In Hungary, for example, the prime minister, the ultra-conservative Viktor Orbán, uses social media influencers to champion the government, and this has fostered a sociopolitical environment that favors traditionalist and pro-Russian positions. Even if young Hungarians do not vote for the ruling Fidesz party, polls with the under-30 demographic show that this age group is more likely to align themselves with far-right opposition forces like the Our Homeland Movement. According to a survey carried out by Median a little over a year ago, the far-right faction is the most popular among young people. “The Hungarian authorities also increased control over education,” notes Filipova.

Along the same lines is neighboring Romania, which has just partially entered the Schengen area along with Bulgaria: both countries have lifted controls on air and sea borders, but maintain land borders. A survey carried out in March by the company IRES reveals that the Alliance for the Union of Romanians (AUR, which means gold in Romanian) is the favorite of Romanians under 35 years of age. “Young people distrust democracy and institutions, especially the government and Parliament because endemic corruption has made them susceptible to far-right propaganda,” says Madalina Voinea, an analyst at the think tank Expert Forum. She also blames this drift on the inaction of the traditional parties. The rise of anti-democratic ideas is also explained by far-right politicians campaigns on social networks, especially TikTok, the fastest-growing platform in the region.

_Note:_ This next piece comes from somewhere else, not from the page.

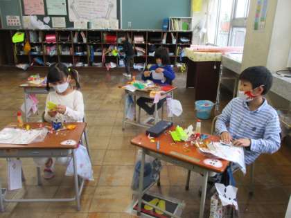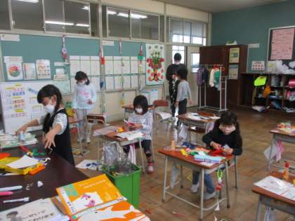 しっかり制作してから飾るタイプ、飾りながら思いついたことを形に表していくタイプ、友達の作品から発想を広げていくタイプ等、子供たちの取り組み方は様々です。
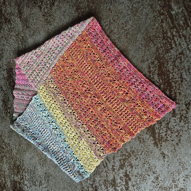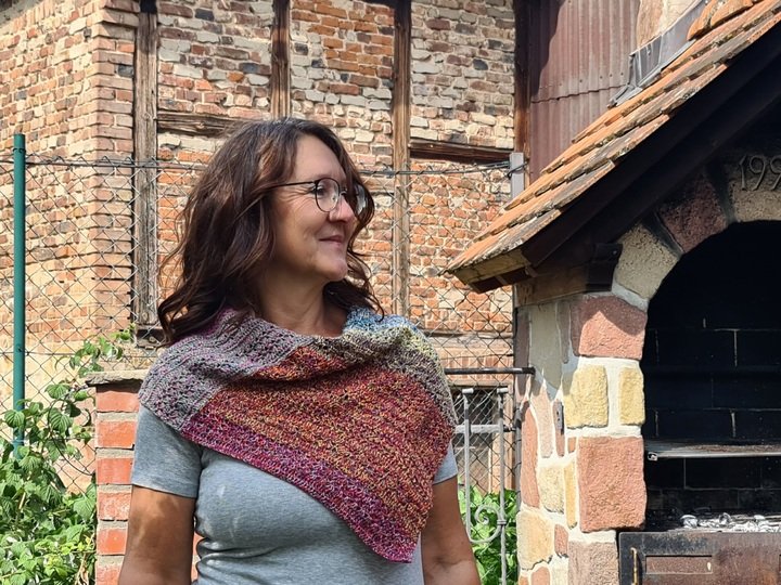 Der Isipisi wird aus der Ecke heraus gehäkelt und breitet sich schräg nach oben aus – das macht ihn nicht nur spannend zu arbeiten, sondern auch zu einem echten Hingucker. Besonders bei Farbverlaufsbobbeln zeigt dieser Aufbau eindrucksvoll, was dein Garn kann.

According to Daniel David, rector of the Babeș-Bolyai University of Cluj-Napoca (UBB), the largest university in Romania, half of the young people in the country who opt for far-right groups have secondary education and 22% have basic education. “That a party with a more pro-nationalist discourse attracts this type of young people is not a surprise,” says this sociologist, who believes that their frustration lies in the current democratic institutions.

In Serbia, the younger generations do not deviate significantly from their elders when it comes to their attitudes on nationalism or authoritarianism. A survey revealed that only 36% of young Serbians positively view democracy, while 40% prefer their country to maintain a “balanced” foreign policy between East and West. Only 13% want the country to be aligned with the EU and NATO. “For Gen Z, the accession to NATO and the EU of the countries of Eastern and Central Europe in the 2000s happened a long time ago, they don’t have as vivid a memory as millennials, so they are more open to the diatribes launched by nationalists,” says Filipova.

Perceptions of political and economic exclusion, fueled by inequality, declining opportunities and governments’ limited consideration of young people’s concerns have fueled disaffection. “Democratic political forces should devise policies that take young people into account and promote their inclusion in the political process so that they perceive themselves as a key constituency, rather than an afterthought in democratic renewal,” the expert concludes.